Movers and SHAKERS
Who Is to Blame for the Weak Manufacturing Number and the Market Crash?
(Note: companies that could be impacted by the content of this article are listed at the base of the story [desktop version]. This article uses third-party references to provide a bullish, bearish, and balanced point of view; sources are listed after the Balanced section.)
The stock market declined 800 points or 3% in the first two days of the fourth quarter. The decline follows a report that the ISM US manufacturing purchasing managers’ index declined to the lowest level in ten years. President Trump blamed the Fed for the disappointing numbers pointing to a strong dollar as a reason for decreased exports. Other pundits point to the trade war with China and the uncertainty that has created as the cause for trade issues. Is the market decline due to political issues that could be reversed (bull case), or is it due to more endemic causes that could drag the market down even further (bear case)?
It’s the Trade War, of Course. The cause of decreased exports and faltering confidence among managers is simple. Our third-largest trading partner, China, refuses to purchase US products while there are threats of higher tariffs on Chinese imports. Peter Morici of MarketWatch believes the President’s strategy of making threats and then delaying implementation of the threats is not working. A change in strategy would be beneficial for companies and their stock prices.
How Can We Make Investments When We Don’t Know What the Rules Are? The market hates uncertainty and there has been plenty of uncertainty recently. It should come as no surprise that purchasing managers are being more cautious. A study by University of Chicago’s Steven Davis shows a correlation between the VIX (a measure of stock market volatility) and the percent of newspaper articles about trade policy. The correlation has grown in recent years. It stands to reason then, that a lessoning of trade issues could lead to higher stock prices.

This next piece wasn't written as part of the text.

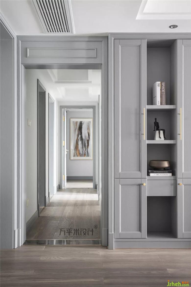 主卧房门外移,缩短过道面积,提高空间利用率。终端墙面设置抽象装饰挂画,起到迎接使用者视线的作用。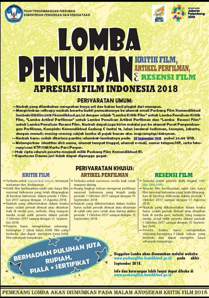 FilmdanMusikSaya on Twitter: “Halo #SahabatFilm, lomba penulisan kritik, artikel & resensi film diperpanjang hingga tgl 30 Sept 2018. Yuk, daftar… #AFI2018… https://t.co/ax5W9qAE09”

Will the Impeachment Investigation Delay Legislation Implementation? The market downturn seems to be tied to manufacturing data, but it is also coming at a time of increased talk of impeachment. Some analysts, such as Raymond James policy analysts Ed Mills and Chris Meekins, believe impeachment hearings endanger the ratification of the rehashed US-Mexico-Canada trade agreement. The market may even be seeing impeachment talks as increasing the odds that a less pro-business, democratic candidate may win the presidency. If impeachment talks die down, its stands to reason that the market would rebound.
We’ve Been Down this Road before and Were Fine. This is not the first time in the last two years that the market has dropped sharply only to rebound when there are positive trade negotiation developments. A positive development in the upcoming trade negotiations with China would certainly be seen positively by the market.
The Strong Dollar is Hurting Exports. The US dollar has risen relative to the Euro and most Asian currencies. The strength reflects the fact that the US economy has been stronger than other foreign economies. It also reflects the fact that the Federal Reserve has been raising interest rates while other countries have been pushing rates lower (sometimes into negative territory). Higher interest rates in the US compared to other countries means money flows into the US to capture higher rates, which then means increased demand for the dollar, causing it to rise relative to other currencies. If the strong dollar is the result of stronger domestic economic conditions (and the resulting higher interest rates), the condition is not likely to change any time soon.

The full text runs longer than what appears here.